More remarkable even than their ability to heal the body is the ability of some plants to expand the mind, raise consciousness, release stuck or damaging emotions and connect us more deeply to spirit. These are the teacher plants. By showing us our true power and potential they enable us to see through illusions and explore the real nature of the dreaming universe so we discover our purpose on Earth.
Plant teachers are used by shamans the world over in a sacred ritual context to divine the future, enter spirit realms, learn the deepest truths of themselves and the universe (although many shamans see little distinction between the two since, as they say, the world is as you dream it; that is, each of us is the universe). They also enable them and us to perform true healings which go beyond the abilities of modern medicine and its reliance on intrusive treatments and often damaging drugs.
Salvia Divinorum: The Sage of the Seers
There was much of the beautiful, much of the wanton, much of the bizarre, something of the terrible, and not a little of that which might have excited disgust.
Edgar Allan Poe, The Masque of the Red Death
1
Salvia and Salvinorin A It is Total Madness Tearing Apart the Fabric of Reality
She is either not alive or not terrestrial
We knew then that she had come from another dimension
Bruce Rimmell, writing about the nature and origins of Salvia
Salvia divinorum is the botanical name of a visionary plant used in shamanic rituals for healing and divination by the medicine men and curanderos (healers) of Oaxaca, Mexico, who are referred to in this region as cho-ta-ci-ne: one who knows. In contemporary circles an extract of the plant, salvinorin A widely regarded as the worlds most powerful natural hallucinogen, up to 200 times stronger than LSD is also gaining respect among shamans and seekers as an express route to self-discovery and the expansion of consciousness.

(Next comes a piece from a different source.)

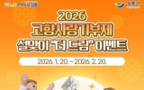 해남 코리아피플뉴스2026. 01.21[코리아피플뉴스]장흥군은 설 명절을 앞두고 고향사랑기부제 활성화를 위해 1월 20일부터 2월 20일까지 ‘2026 설맞이 고향사랑기부제 더 드림 이벤트’를 진행한다. 이벤트 기간 중 ‘고향사랑e음’을 통해 장흥군에 10만 원 이상 기부하면 별도의 신청 절차 없이 자동으로 이벤트에 응모된다. 해당 조건을 충족한 기부자 전원에게는 모바일 상품권 5,000원이 경품으로 제공된다. 또한 이벤트 종료 후에는 무작위 추첨을 통해 10명을 선정, 5,000원권 모바일 상품권을 추가로 증정하는 혜택도 마련돼 있어 최대 1만 원 상당의 경품을…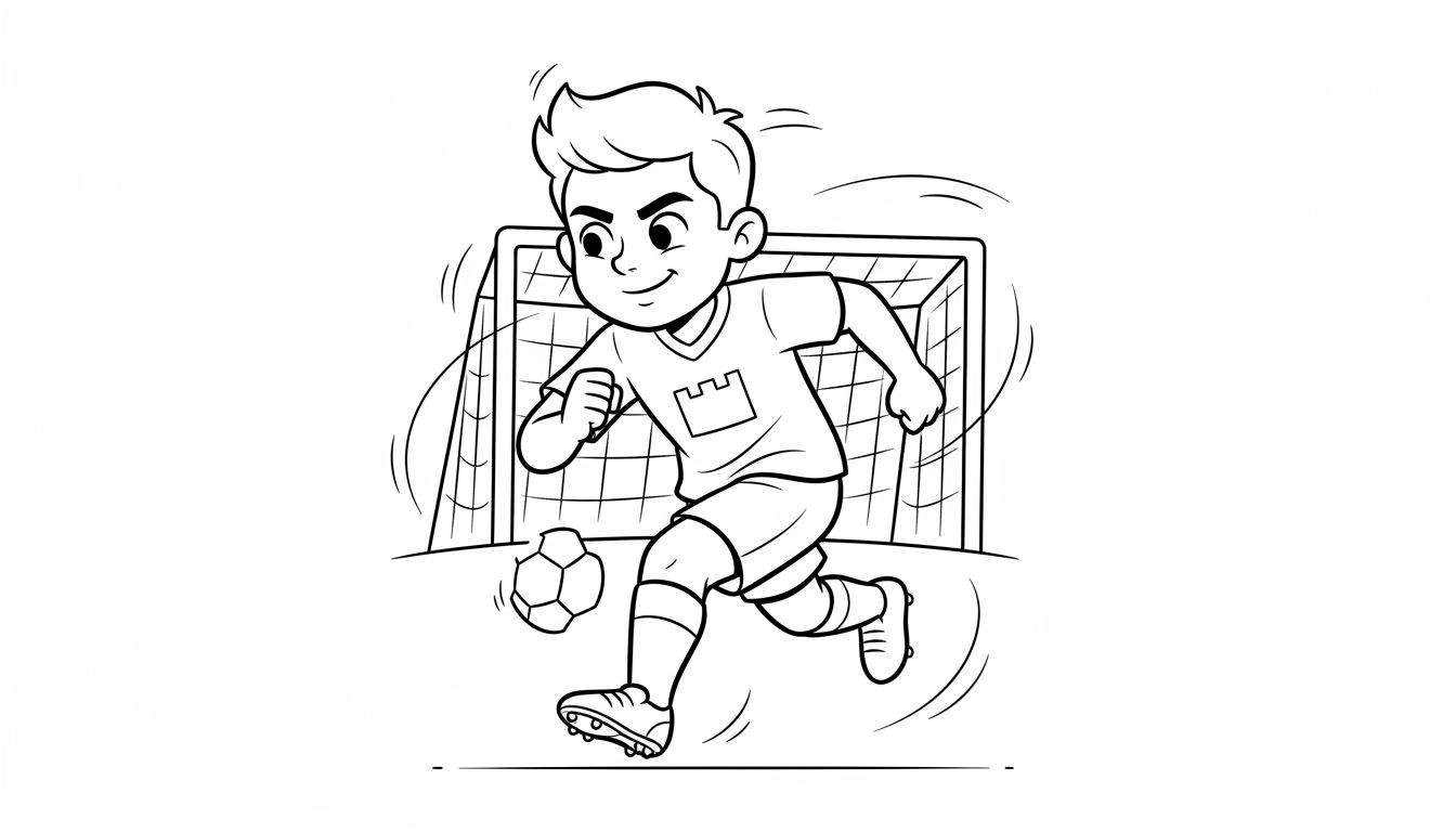 Deze dynamische kleurplaat van een jonge voetballer vangt perfect de energie en droom van elke beginnende atleet. Terwijl de bal aan zijn linkervoet kleeft en hij met een vrolijke, vastberaden blik richting het doel dribbelt, is het alsof je de actie bijna hoort! Het is dé uitgelezen kans voor jonge FC Twente fans om hun favoriete clubkleuren tot in detail in te kleuren en zo hun eigen sterspeler te creëren.

The genus name, Salvia, comes from the Latin salvare, to heal or to save, while its complete botanical name, also from the Latin, is generally understood as the sage of the seers. The Mazatec shamans of Mexico, however, know it by less formal names, most of which are associated with the Virgin Mary who is seen as the embodiment of its spirit. Among them are ska Maria pastora (Mary the shepherdess), hojas de Maria (leaves of Mary), hojas de la pastora (leaves of the shepherdess), hierba Maria (Marys herb), and, according to the psychedelic explorer Terence McKenna, at least, as ojos de la pastora (the eyes of the shepherdess).